L’homme d’affaires Martin Dion profite du soleil avec son petit-fils au parc public de Port Perry. Même s’il est loin de Toronto, il se réclame de la Ford Nation, l’armée de partisans fidèles du candidat conservateur, qui s’étend des banlieues torontoises jusque dans les régions rurales et les villes manufacturières en déclin.

« Il est temps que les conservateurs reprennent le pouvoir, pour cesser le gaspillage et mieux gérer les finances publiques », croit Martin Dion. Et Doug Ford, selon lui, est l’homme de la situation. Il salue notamment son intention d’annuler la hausse du salaire minimum à 15 $/heure promise par les libéraux.

Cependant, la Ford Nation ne fait pas l’unanimité, même en terrain conservateur. Doug Ford a remporté de justesse la course à la direction de son parti. Les cicatrices sont encore fraîches. Mais, d’une certaine façon, la guérison s’est amorcée.

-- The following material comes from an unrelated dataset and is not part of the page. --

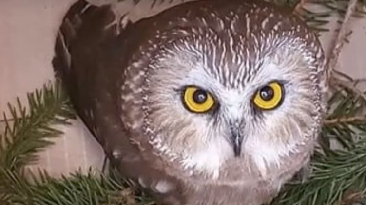 В Нью-Йорке нашли маленького совенка в Рождественской елке. Видео

Dawn McGuckin, rencontrée dans le parc avec sa petite fille Dawn, illustre bien cet état d'esprit présent chez plusieurs conservateurs. Elle n’aime vraiment pas Doug Ford, qu’elle appelle « le Donald Trump de l’Ontario ». Elle n’aurait jamais voté pour lui il y a quelque mois. Mais maintenant, elle se sent prête à faire « un sacrifice ».

La troisième voie

Tout près de Mme McGuckin, Lynne Kenette n'est pas d'accord avec cette approche binaire de la politique ontarienne. « Il faut briser le principe d’alternance entre conservateur et libéral, dit Lynne. Il reste le troisième parti, le NPD. Ils vont faire du chemin cette année », prédit-elle.

Une bataille générationnelle?

Sur l’heure du lunch, au Club de l'âge d'or de Port Perry, la chorale répète une bonne vieille chanson en vue de son prochain concert, What a difference a day makes, un succès des années 50 de Dinah Washington.

Assis dans la dernière rangée, les ténors Ed Daigle et Irvin Gibson discutent politique entre deux chansons. « Les conservateurs vont probablement gagner notre circonscription, disent-ils, comme c’est presque toujours le cas depuis la fin de la Deuxième Guerre mondiale. »

À l'avant-scène, l'alto et la soprano Eleanor Heavrin et Olga Santvoort sont à l'unisson, côté politique. Elles vont voter « bleu », comme d'habitude. Mais leur consoeur Gwenn Yetman émet une note discordante. « J’aimerais voter conservateur, explique-t-elle, mais je ne voudrais pas avoir l’air d’approuver le comportement de Doug Ford. J’ai de la difficulté à lui faire confiance. »

Le piano fait retentir ses accords. C’est le moment de répéter la prochaine chanson. Les yeux des choristes retournent à leur partition. Le dilemme électoral peut attendre encore un peu.

Comme les gens de Port Perry, bon nombre d’électeurs demeurent indécis en ce début de campagne. Selon les récents sondages, près de la moitié des Ontariens n’ont pas encore fait leur choix. Pour l'emporter, d'ici au 7 juin, les chefs devront éviter les fausses notes.